Cette édition des JDJ est placée sous le signe du « Carrefour diocésain de la jeunesse pour la paix et la cohésion sociale ». Pourquoi avoir choisi cette orientation ?

Cette orientation dénote déjà de la situation sécuritaire que nous traversons, que notre diocèse traverse, ou du moins que notre pays traverse. Nous avons eu des exactions, il y a eu des tueries, il y a eu des pillages, il y a eu des vols, etc. Donc on voit que ce tissu social a été un peu corrompu. Et voilà pourquoi nous choisissons ce thème, pour voir comment il faut travailler pour préparer les cœurs et les esprits, surtout en ce temps de réinstallation de certains villages, à une cohésion sociale et à une paix durable.

Dans quel contexte particulier ces journées sont-elles organisées aujourd’hui dans le diocèse de Dédougou ?

Le contexte, c’est celui de la résilience. C’est une période aujourd’hui où nous voulons montrer aux jeunes qu’il est possible d’espérer d’abord et qu’il est aussi possible de rêver à un avenir meilleur. Tout comme il est aussi possible de faire de leur passé douloureux un tremplin pour une harmonie, une paix et une cohésion saine et durable.

Vous affirmez dans les Termes de référence (TDR) que la jeunesse est à la fois vulnérable et porteuse d’espérance. Quel regard portez-vous aujourd’hui sur la jeunesse du diocèse ?

C’est une jeunesse qui est en quête de repères. Donc une jeunesse qui a besoin de prophètes d’espérance, qui a besoin aussi de soutien. Donc une jeunesse qui veut que nous comptions sur ses possibilités et son engagement à faire mieux, à se donner pour un visage missionnaire, solidaire et fraternel de l’église-famille.

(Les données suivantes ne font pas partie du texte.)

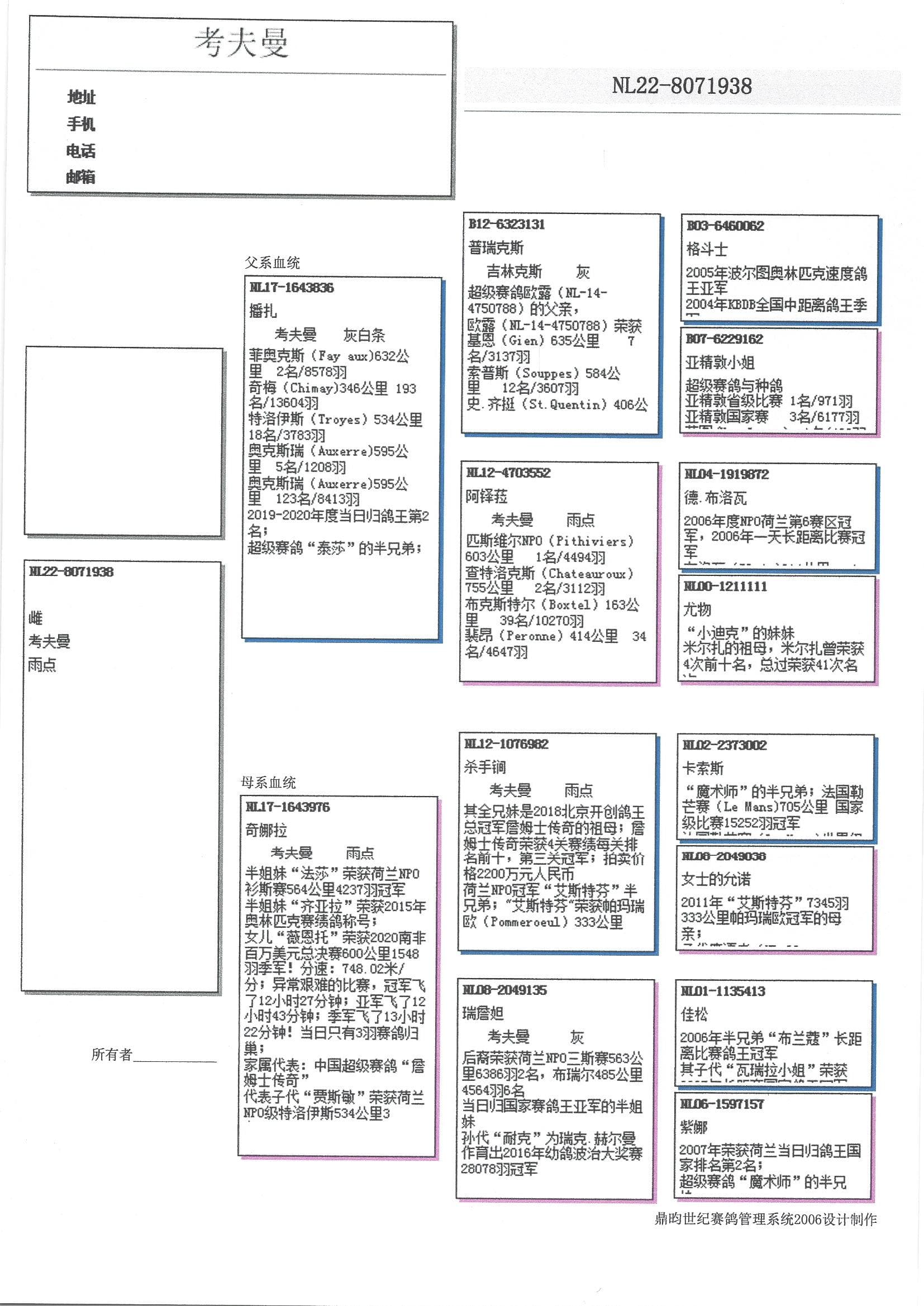 孙代代表及佳绩:“耐克” (波治国家赛 28,078羽1名,R. 贺尔曼使翔)以及“琪拉”(奥林匹克代表鸽)

Quel message souhaitez-vous adresser aux jeunes qui se sentent parfois découragés face aux défis sécuritaires, économiques et sociaux ?

Le premier message, c’est de leur dire qu’aucune personne ne viendra construire leur avenir et leur bonheur à leur place. Il faut se battre maintenant. Le deuxième message, c’est d’avoir un esprit critique sur tout ce qui se trouve sur les réseaux sociaux. Qu’ils analysent d’abord avant de s’y engager. Le troisième message, c’est de savoir que la haine et la violence ne construisent pas. Elles mettent en retard et mènent au découragement. Quatrièmement, il faut la prière. C’est une force intérieure qui ouvre à la double dimension de l’homme. C’est-à-dire son esprit et son corps. C’est un socle véritable pour une réussite d’une vie bien vécue et bien pleine.

Quel est l’objectif principal poursuivi à travers ces Journées diocésaines de la jeunesse ?

L’objectif, c’est d’avoir une jeunesse responsable et engagée, une jeunesse équilibrée. C’est de dire à la jeunesse qu’elle a une place de choix dans l’église. Elle doit y reprendre sa place et jouer son rôle. L’église est cette mère et cette enseignante qui propose un chemin qui va du vendredi saint, c’est-à-dire de notre quotidien avec les hauts et les bas, aux dimanches de Pâques, donc la résurrection, c’est-à-dire la victoire sur nos difficultés.

Concrètement, qu’attendez-vous des jeunes à l’issue de ces quatre jours de formation et de rencontres ?

Nous voulons des jeunes intègres, loyaux. Des jeunes sur qui l’église et la société peuvent compter.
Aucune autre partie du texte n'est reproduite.